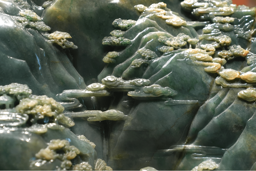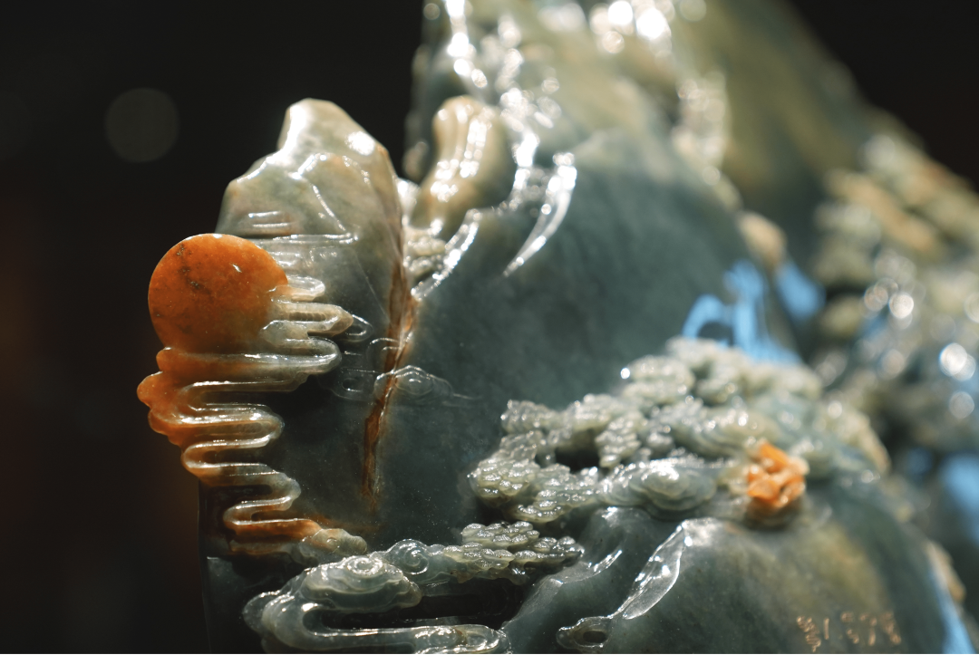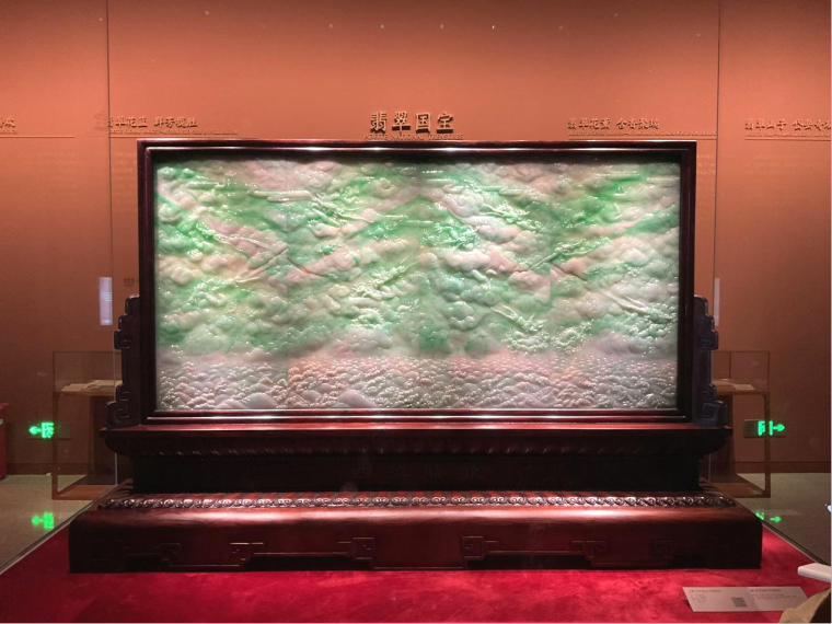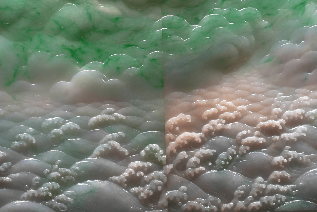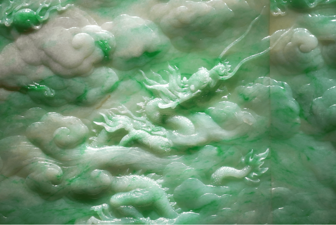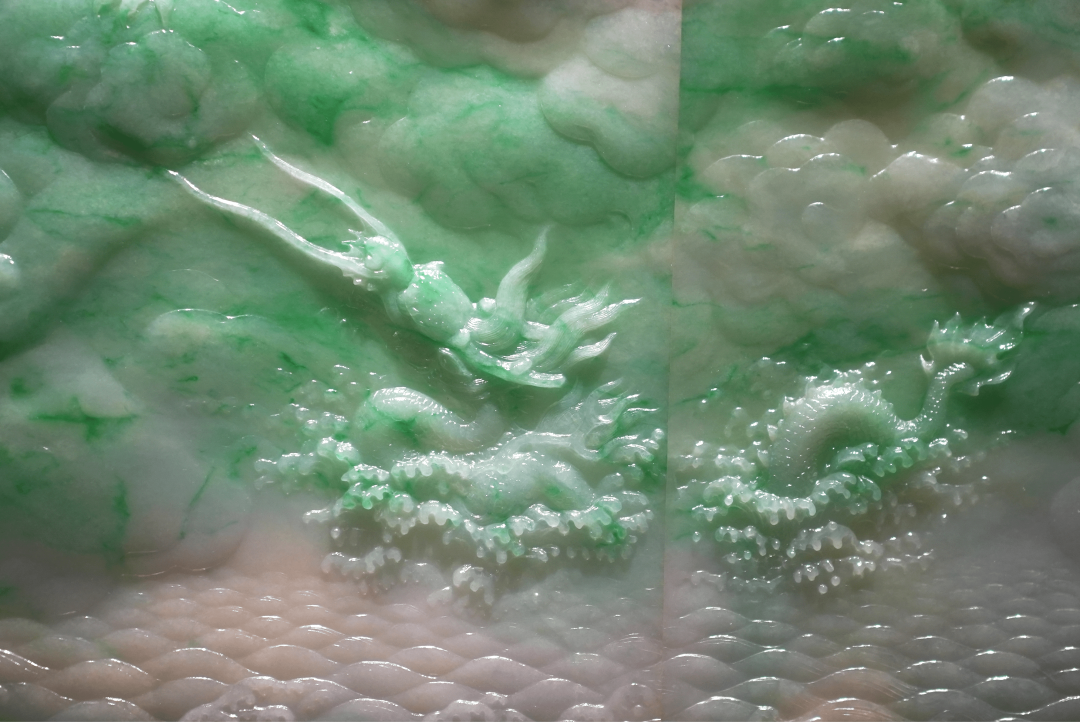 艺术家们因材施艺,充分利用原料的天然色泽,在绿色部位设计为龙,以深浮雕的技法精心雕琢,突出绿翠;在白、粉白、浅青色等部位则设计为云彩、水波纹,以浅浮雕的技法雕琢而成,以衬托龙的主题和绿翠。
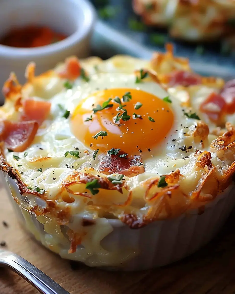 A delicious and easy recipe for baked eggs topped with turkey bacon, perfect for a hearty breakfast or brunch.
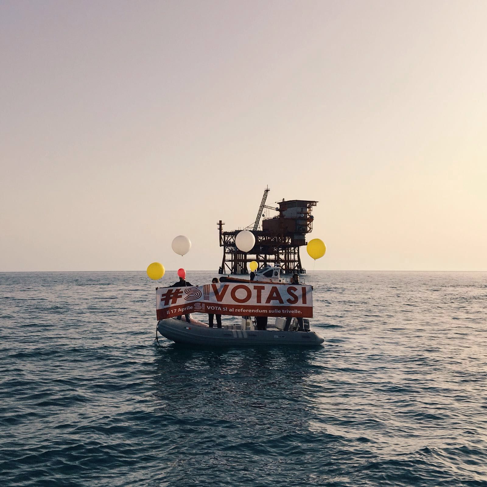 La spedizione è partita dopo aver incontrato i movimenti No Triv locali: i parlamentari, giunti a ridosso della piattaforma, hanno esposto uno striscione con l’hashtag VotaSì. La spedizione non è riuscita a salire a bordo della Prezioso, a causa delle condizioni del mare non favorevoli. «A bordo della piattaforma – fa sapere l’ufficio stampa di Sinistra italiana – non sembrava esserci personale, i parlamentari dovrebbero rientrare nei prossimi minuti a Licata, dove incontreranno i pescatori e tutti quelli che tengono al mare siciliano».
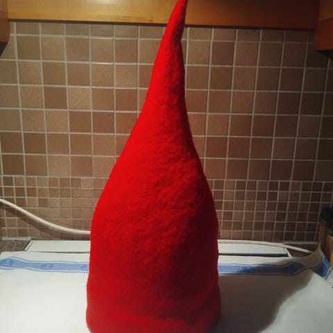2 st superfina tomteluvor i paljetter med fuskpäls. En röd och en guld. Längd 42 cm exklusive bollen på toppen. Omkrets 54 cm. Kan hämtas på Fridhemsgatan vid Fridhemsplan.
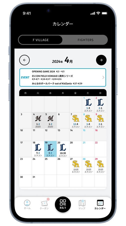 北海道ボールパークFビレッジ公式アプリ 大型アップデート版を近日公開!ログインボーナスやカレンダー機能が登場
--*--
- DIRECTIONS
Skip the pictures and reproduce all remaining entries exactly.

- FINISHED EXERCISE
 艺术家们因材施艺,充分利用原料的天然色泽,在绿色部位设计为龙,以深浮雕的技法精心雕琢,突出绿翠;在白、粉白、浅青色等部位则设计为云彩、水波纹,以浅浮雕的技法雕琢而成,以衬托龙的主题和绿翠。
 A delicious and easy recipe for baked eggs topped with turkey bacon, perfect for a hearty breakfast or brunch.
 La spedizione è partita dopo aver incontrato i movimenti No Triv locali: i parlamentari, giunti a ridosso della piattaforma, hanno esposto uno striscione con l’hashtag VotaSì. La spedizione non è riuscita a salire a bordo della Prezioso, a causa delle condizioni del mare non favorevoli. «A bordo della piattaforma – fa sapere l’ufficio stampa di Sinistra italiana – non sembrava esserci personale, i parlamentari dovrebbero rientrare nei prossimi minuti a Licata, dove incontreranno i pescatori e tutti quelli che tengono al mare siciliano».
2 st superfina tomteluvor i paljetter med fuskpäls. En röd och en guld. Längd 42 cm exklusive bollen på toppen. Omkrets 54 cm. Kan hämtas på Fridhemsgatan vid Fridhemsplan.
 北海道ボールパークFビレッジ公式アプリ 大型アップデート版を近日公開!ログインボーナスやカレンダー機能が登場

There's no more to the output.